==== PROVIDED MATERIAL

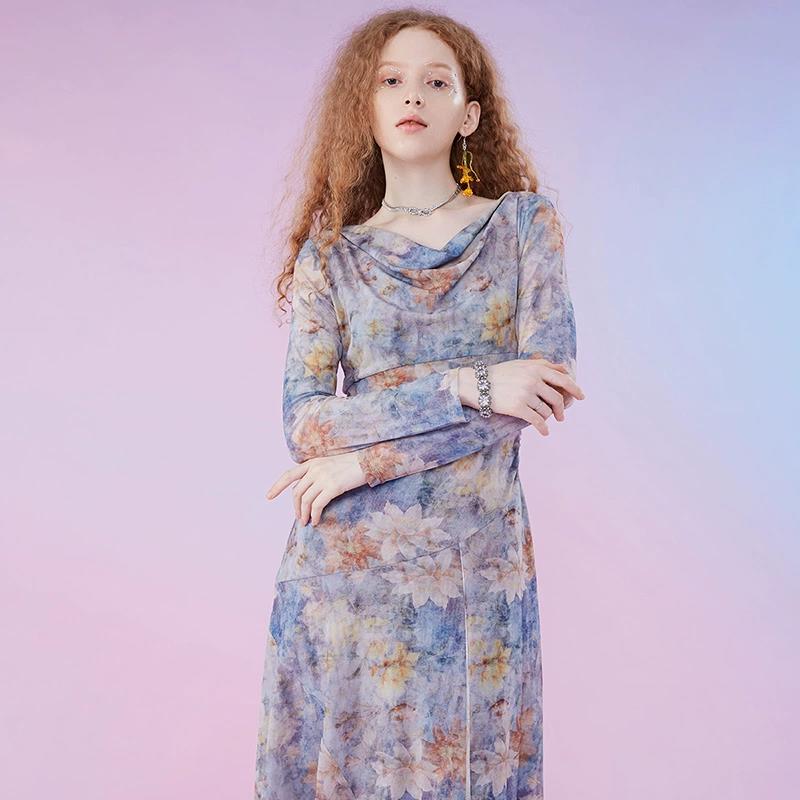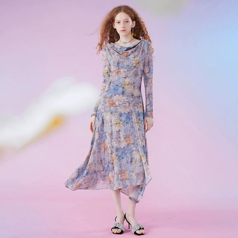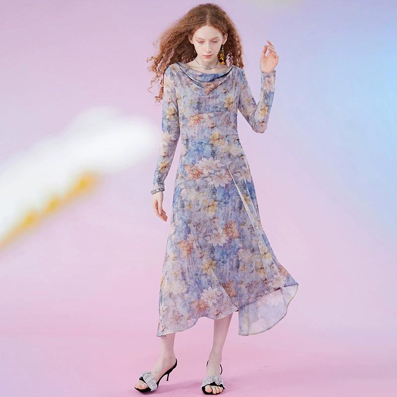 莲灿2025春夏款重磅垂感不规则修身显瘦连衣裙轻奢71EO325001
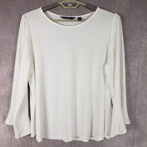 Dennis Basso Shirt Womens 1X Plus White Long Sleeve Bell Cuff Blouse Top
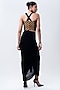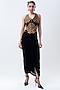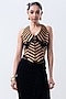 Featuring a black and gold striped corset top in banarasi silk, crepe, chiffon and lycra base. It is paired with a black frilled skirt. Accentuate it with statement earrings and elegant heels for a stylish ensemble, ideal for cocktail evenings.
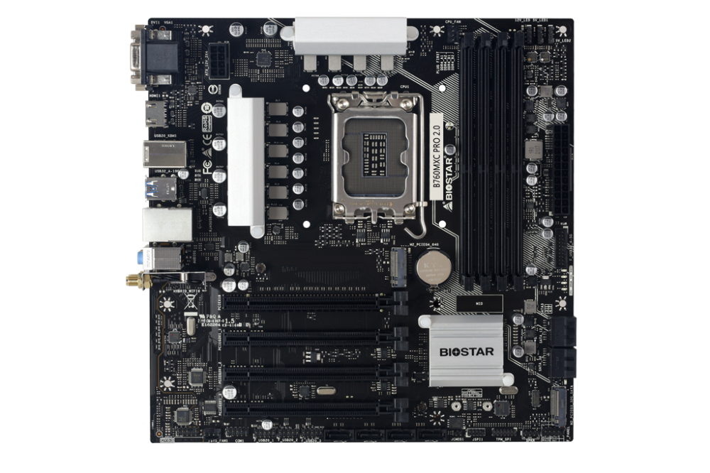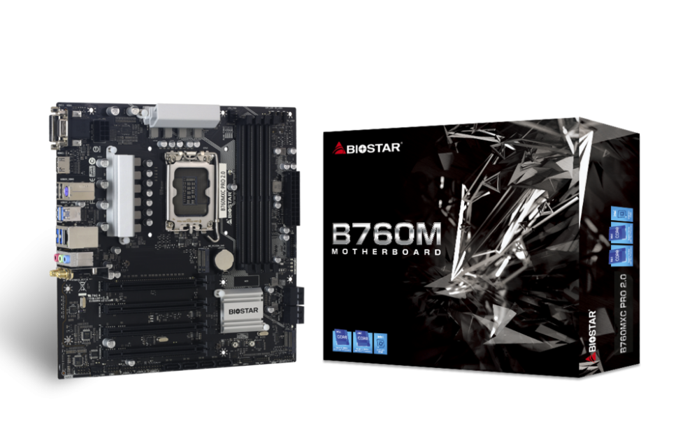 - تمتاز biostar b760mz-e pro بتوافقها الواسع مع مختلف أنواع الذواكر والبطاقات الرسومية، مما يسهل عملية تجميع جهاز حاسوب قوي ومتناسب.
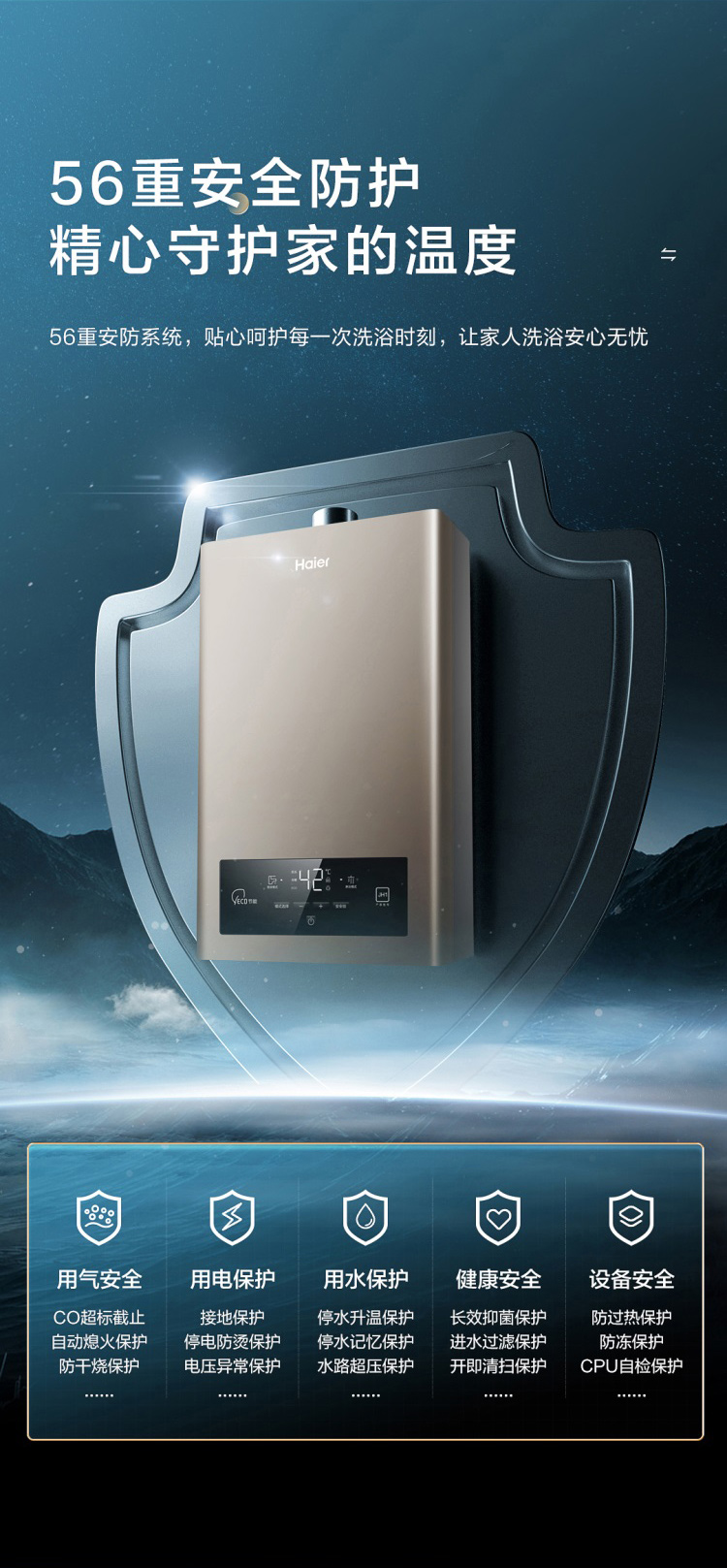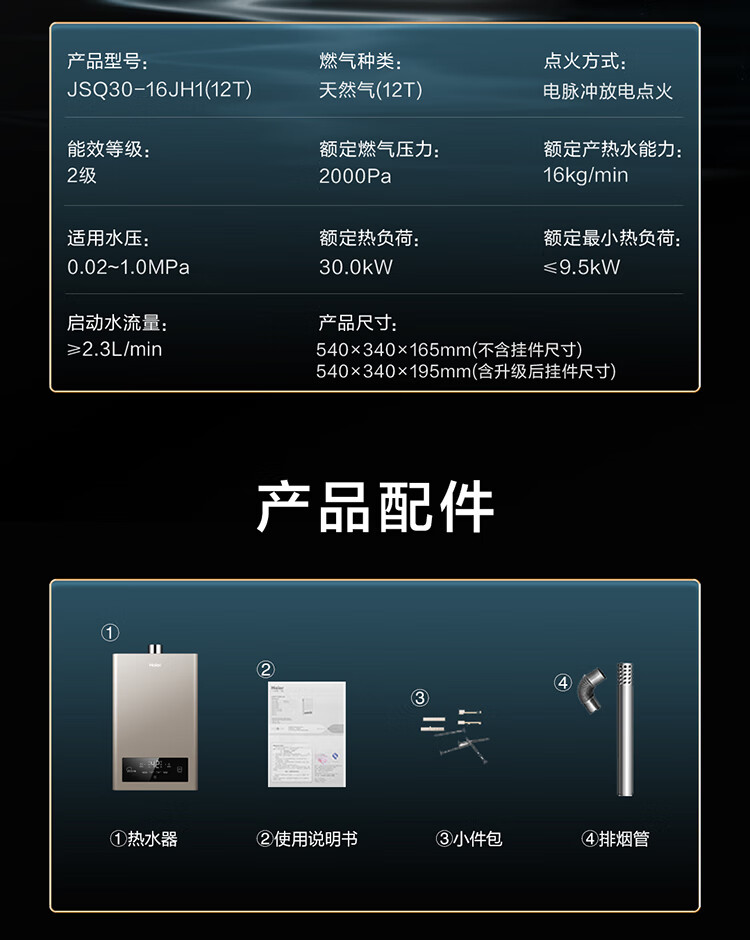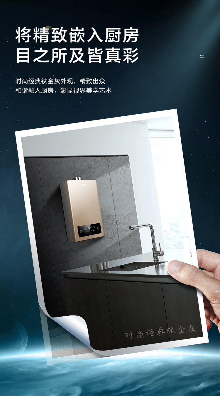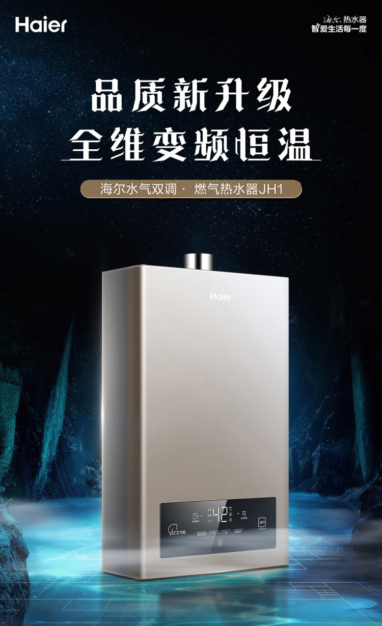 海尔(Haier)16升 水气双调 精控恒温 燃气热水器 智能厨宝洗 三重防冻 JSQ30-16JH1(12T)天然气

========

- **EXERCISE BRIEF**: Reproduce the listing exactly, but omit every picture in it.

- **RESULT FOR THIS TASK**:
 莲灿2025春夏款重磅垂感不规则修身显瘦连衣裙轻奢71EO325001
 Dennis Basso Shirt Womens 1X Plus White Long Sleeve Bell Cuff Blouse Top
 Featuring a black and gold striped corset top in banarasi silk, crepe, chiffon and lycra base. It is paired with a black frilled skirt. Accentuate it with statement earrings and elegant heels for a stylish ensemble, ideal for cocktail evenings.
 - تمتاز biostar b760mz-e pro بتوافقها الواسع مع مختلف أنواع الذواكر والبطاقات الرسومية، مما يسهل عملية تجميع جهاز حاسوب قوي ومتناسب.
 海尔(Haier)16升 水气双调 精控恒温 燃气热水器 智能厨宝洗 三重防冻 JSQ30-16JH1(12T)天然气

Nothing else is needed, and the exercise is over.